Burner List
Simple paper-based to-do list system by Jake Knapp that forces prioritization by limiting work to one front burner project, one back burner project, and a kitchen sink for miscellaneous tasks.
About this tool
Overview
The Burner List is a simple to-do list designed to force prioritization and is intentionally limited—and therefore focused. It was designed by Jake Knapp, Google Ventures design partner and author of Sprint and Make Time.
Creator
Jake Knapp is a fellow at Ideo and the former design director of Google Ventures who codified the concept of a design sprint. He designed this method to force prioritization of one project at a time, which he likens to a chef whose concentration is primarily on the dish in front of him.
How It Works
The Setup
You use one sheet of blank paper (printer paper is perfect), dividing it into two columns:
Front Burner (Left Column)
- One Priority Project Only: Your most important project goes here
- Full Column Space: Takes up the entire left side
- To-Dos Listed: All tasks related to this project are listed underneath
- Primary Focus: This is where most of your attention should go
Back Burner (Right Column - Top Half)
- Second Priority: Your second-most important project
- Limited Space: Takes up only half the right column
- Fewer Tasks: Less room means fewer to-dos
- Secondary Focus: Gets attention when front burner is complete or blocked
Kitchen Sink (Right Column - Bottom Half)
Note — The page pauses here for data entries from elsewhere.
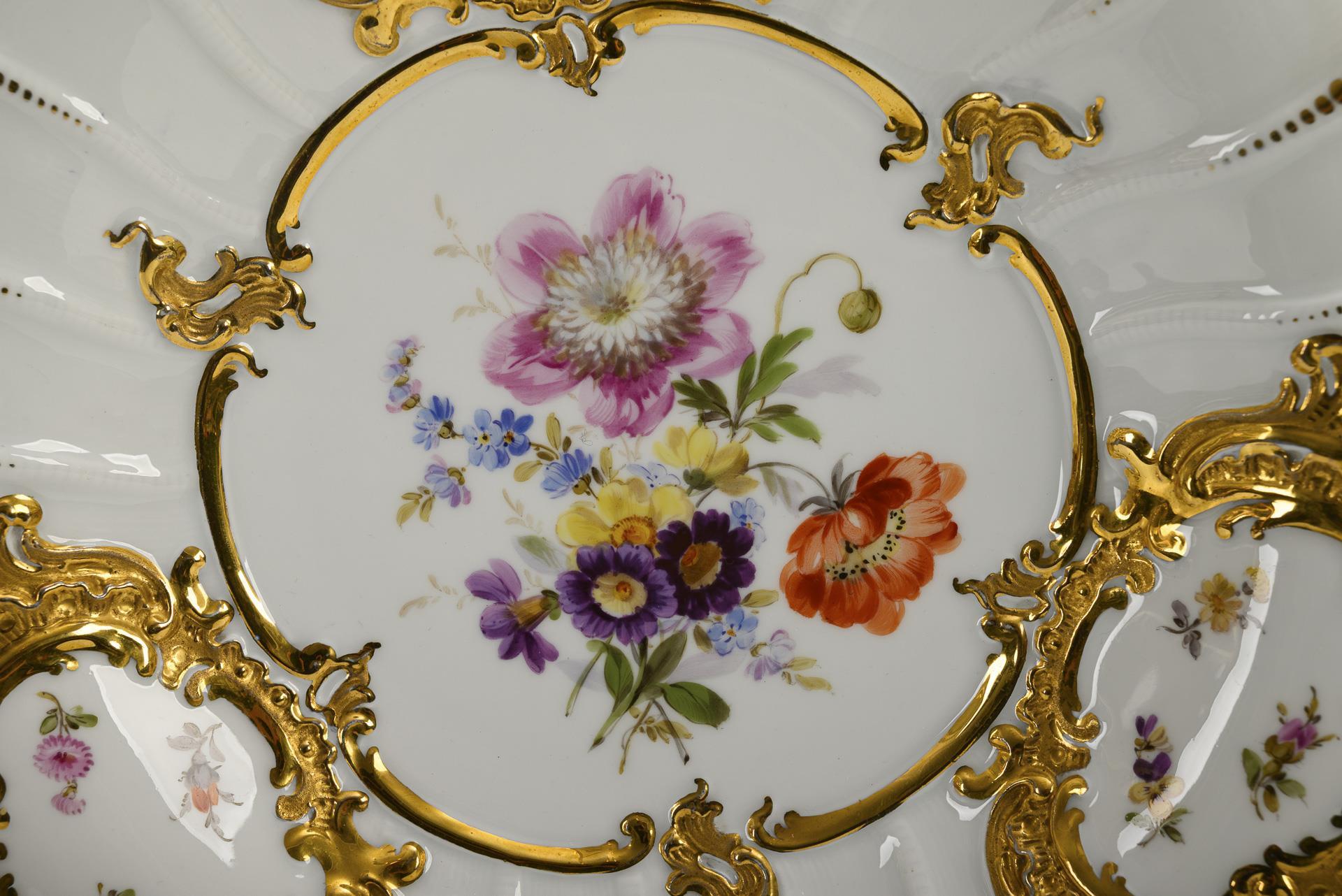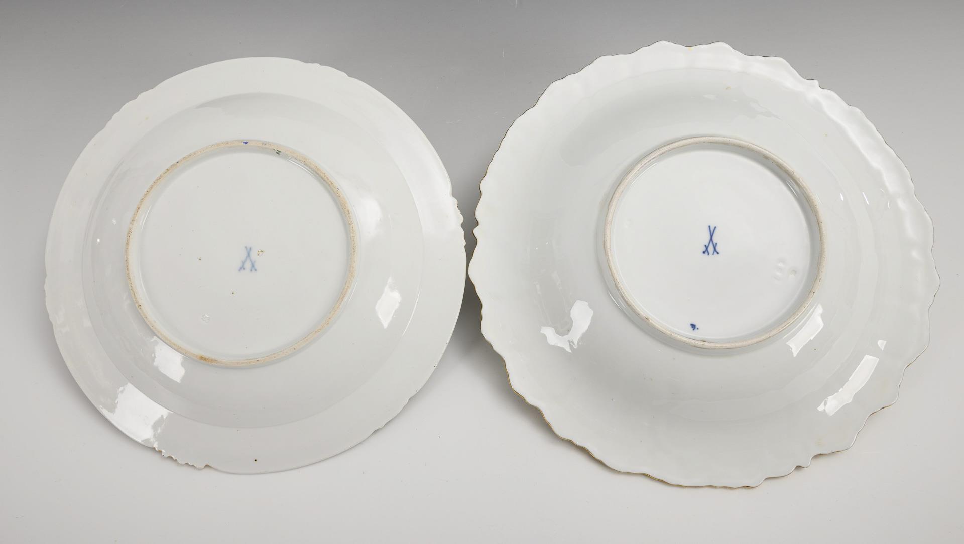 1x Knaufschwerter, ab 1850-1918, 1. Wahl: Schale mit muschelreliefierter Fahne, drei Rocailleschildern, polychromer Blumenmalerei und Goldstaffage (Ø 30 cm). / 1x Schwertermarke, um 1850, 1. Wahl: blüten- und fruchtreliefierter Teller mit blauer Staffage und Goldstaffage (Ø 27,5 cm). 1x Gold berieben.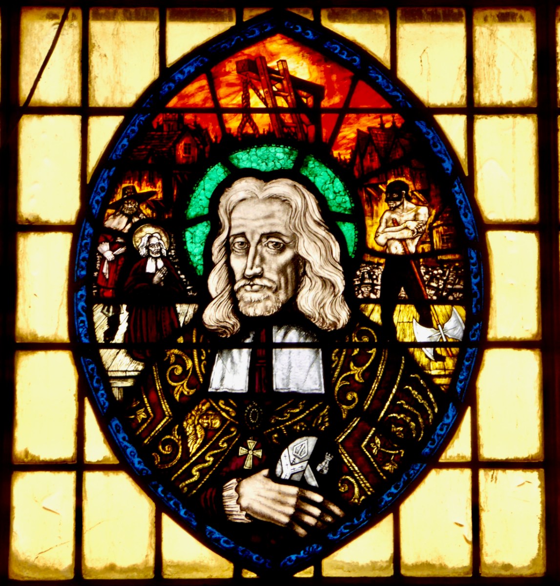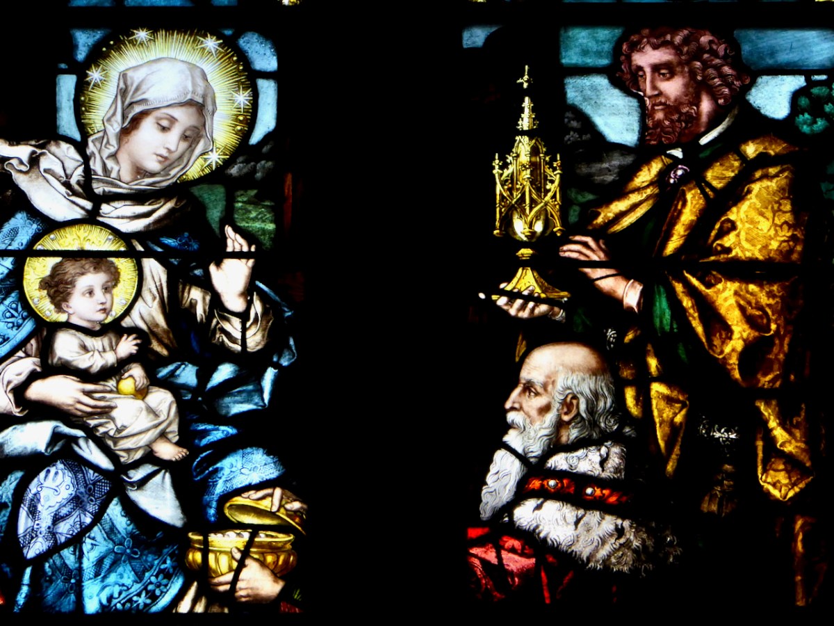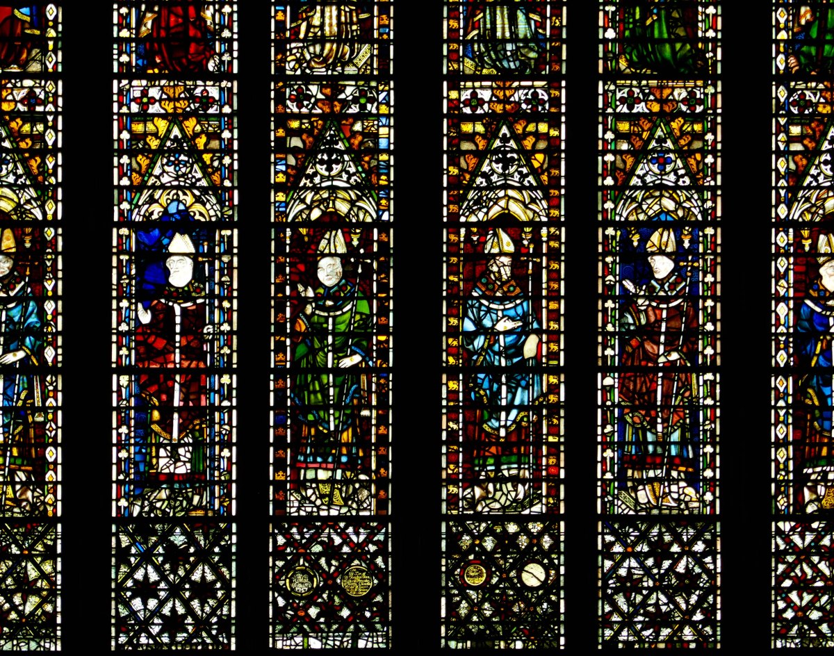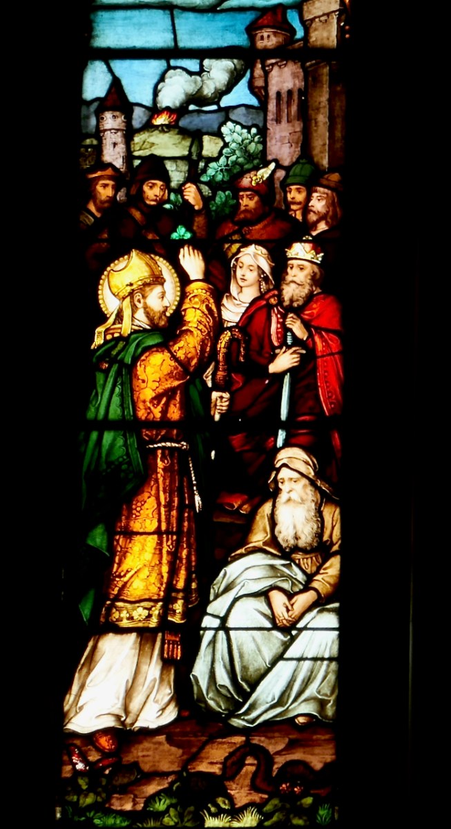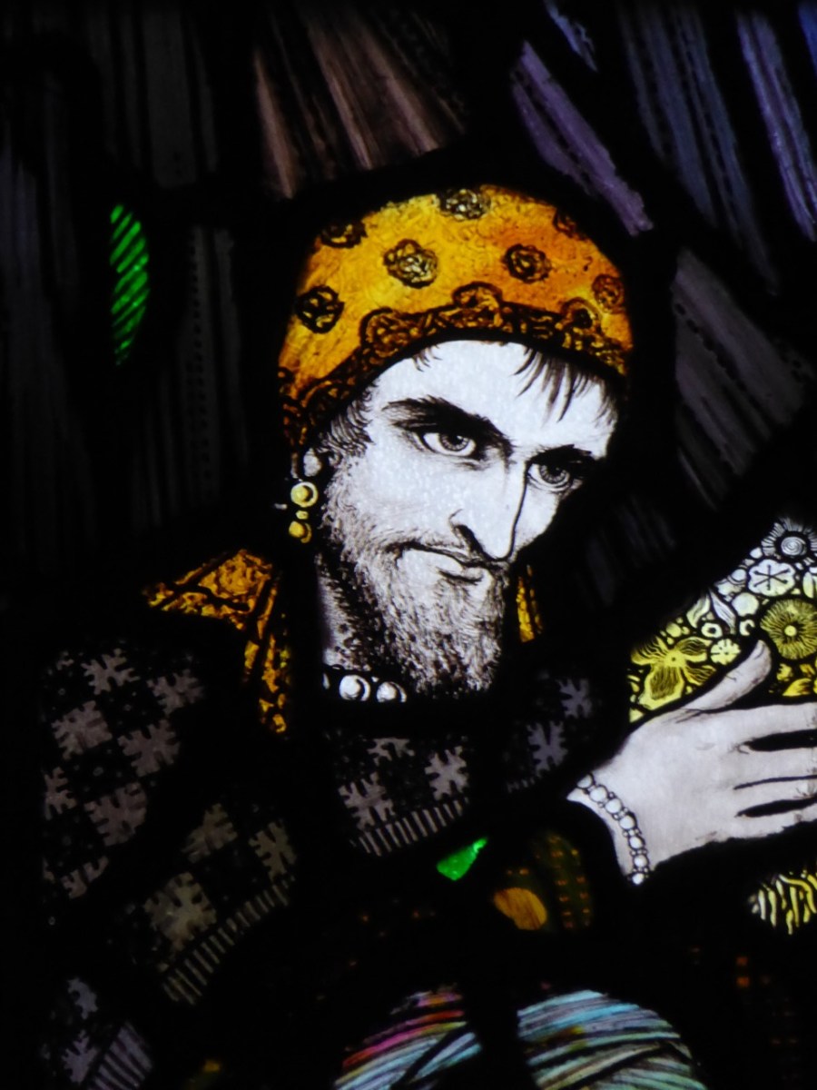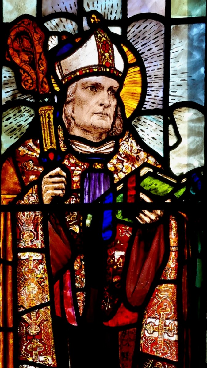 From a private bishop’s oratory, Sts Macartan, Brigid, Patrick and Dympna. Detail of Macartan, below. The rich reds and yellow shading of Macartan’s robes are the result of aciding and silver stain, described further down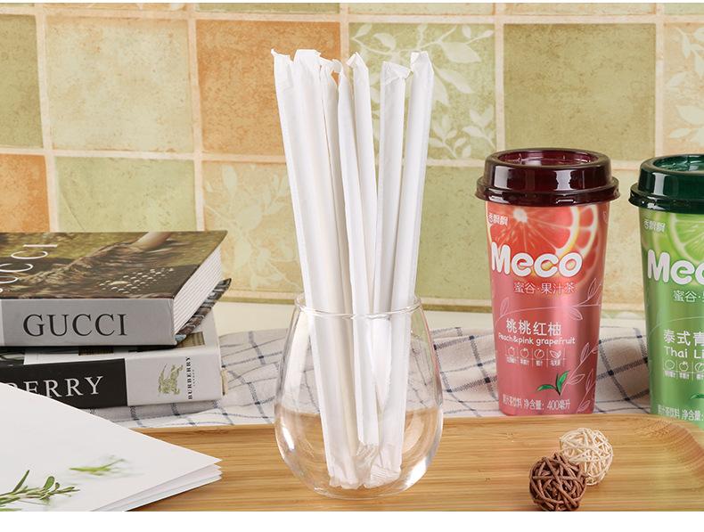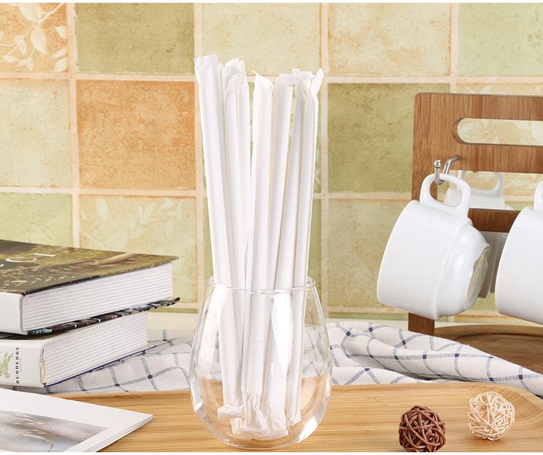 Pajita de papel desechable de 12 x 250 mm, respetuosa con el medio ambiente, embalaje independiente, con punta, degradable, larga y gruesa.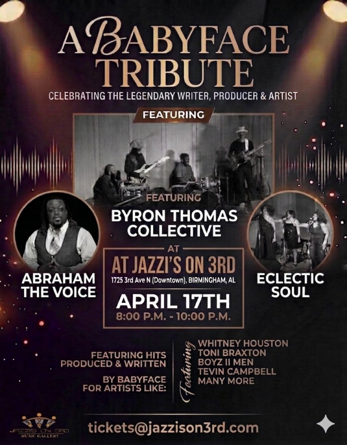 Join us for a magical night celebrating the legendary Babyface brought to you by the incomparable BT Collective, Eclectic Soul and Abraham the Voice! Experience his timeless hits from a broad array of artist including Toni Braxton, Whitney Houston, Tevin Campbell, Bobby Brown, Madonna and so many more. Timeless hits like Whip Appeal, Can We Talk, Rock Steady are among the list of hits featured in this phenominal live performance. Whether you're a longtime fan or new to his music, this is the perfect chance to vibe with soulful melodies and great company. Don't miss out on this amazing tribute event—honoring the man behind the music while experiencing an unforgettable night of entertainment!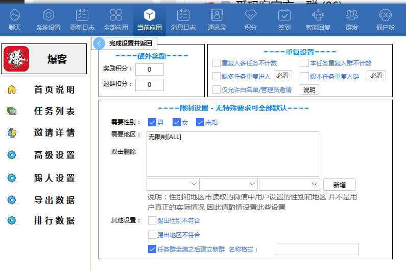 点击【其它限制和奖励】就可以对群成邀请好友进群进行更详细的设置,比如重复进群不重新增加积分等。如下图
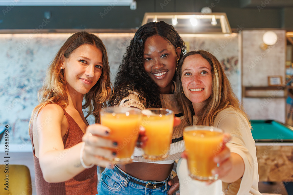 Three smiling young women friends toasting healthy juice drinks in a bar setting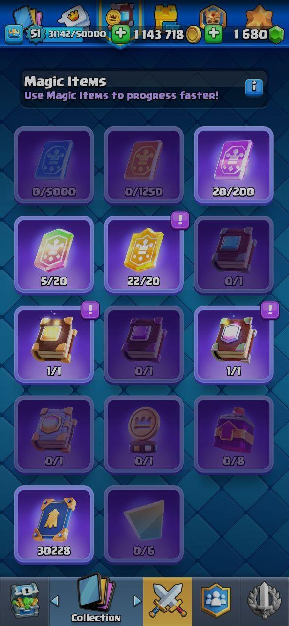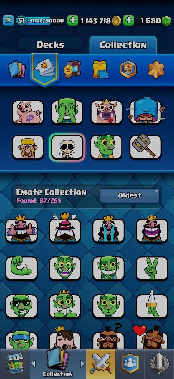 KT14 XP51 | 25 CARDS MAX 3 ELITE | 7 EVOLOTIONS | 87 EMOTES | 1680 GEMS | 1.14 M GOLD | INSTANT DELIVERY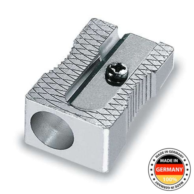 Sacapuntas, afilalápices metálico con afilada cuchilla de acero inoxidable. Robusto, ligero y duradero. La más alta calidad para un afilado perfecto de lápices tamaño standard de hasta 8,2 mm de diámetro. Inclinación del corte: 23º Forma de cuña.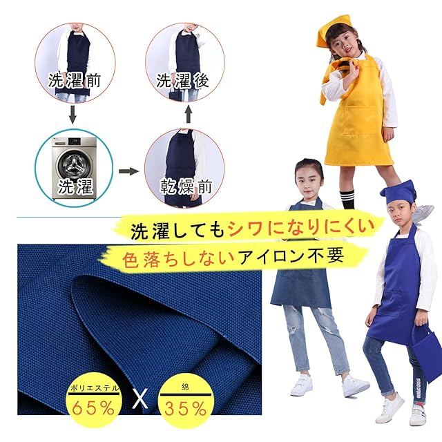 幼稚園、保育園、小学校、学校の行事、料理教室、図工、絵画、陶芸などいろんなシチュエーションに使用できるシンプルかつかわいキッズエプロンです。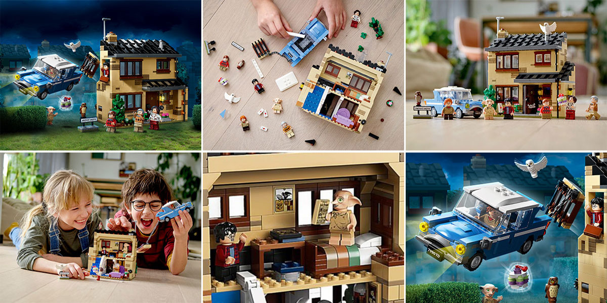 • A LEGO Harry Potter Privet Drive 4. készlet rengeteg izgalmas filmjelenetet felelevenít, többek között Harry lépcső alatti gardróbját, a kandallóból özönlő leveleket és Harry szökését a repülő Ford Angliával.
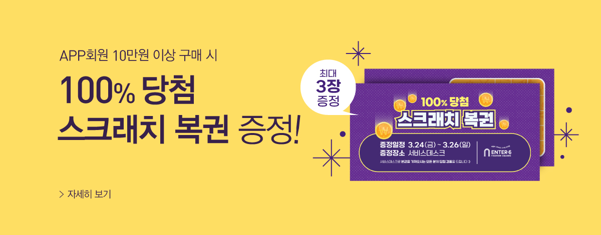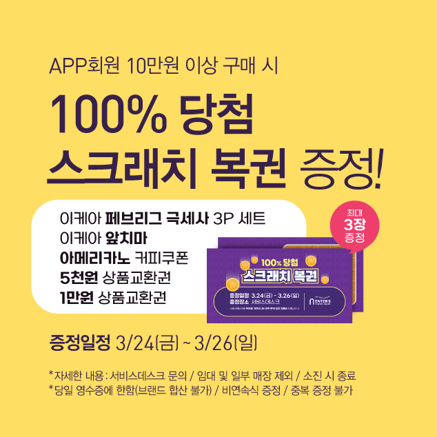 카테고리 없음 [APP회원 10만원 이상 구매 시] 100% 당첨 스크래치 복권 증정 n실장 2023. 3. 24. 13:25 728x90 공유하기 게시글 관리 Enter-6 Style Magazine

- Miscellaneous Tasks: Everything else that doesn't fit projects 1 or 2
- Quick Wins: Small, unrelated tasks
- Admin Items: Errands, emails, calls
- Catch-All: Prevents other tasks from derailing main projects
Key Principles
Forced Prioritization
- Only two active projects at once
- Everything else goes to kitchen sink
- Physical space limitation enforces focus
- Must finish or pause to add new projects
Simplicity
- Paper-based system
- No apps or tools required
- Quick to set up (under 1 minute)
- Easy to modify
- Portable
Visual Hierarchy
- Front burner gets most space = most important
- Back burner gets half space = half the attention
- Kitchen sink gets remainder = minimal focus
- Physical layout reinforces mental prioritization
Benefits
Increased Focus
- Eliminates decision fatigue
- Clear priority at all times
- Reduces context switching
- Maintains momentum on important work
Reduced Overwhelm
- Limited active projects reduce stress
- Kitchen sink contains other tasks
- Physical constraint prevents overcommitment
- Simple enough to maintain consistently
Better Completion Rates
- Focus on finishing over starting
- Less work-in-progress
- Clear path through tasks
- Satisfying to complete and restart
Implementation Tips
Daily Practice
- Create new list each day or week
- Transfer incomplete items
- Promote back burner to front when ready
- Add new tasks to appropriate sections
Project Selection
- Front burner: Most urgent and important
- Back burner: Important but can wait
- Kitchen sink: Everything else
- Be ruthless about prioritization
Maintenance
- Review and recreate regularly
- Don't let kitchen sink overflow
- Complete front burner before adding new
- Archive old lists for reference
Who It's For
Best Suited For:
- People overwhelmed by long to-do lists
- Those who struggle with prioritization
- Project-based workers
- Fans of analog productivity systems
- Anyone wanting simpler task management
Less Ideal For:
- Those managing 10+ simultaneous projects
- Teams needing shared task management
- Users requiring digital integration
- Complex project dependencies
Comparison to Other Methods
- vs. GTD: Simpler, less comprehensive
- vs. Kanban: Paper-based, personal focus
- vs. Digital Tools: No features, just focus
- vs. Traditional To-Do Lists: Enforced prioritization
Philosophy
The Burner List embraces constraints as a feature, not a bug. By intentionally limiting options, it makes focus easier and reduces the cognitive load of managing tasks.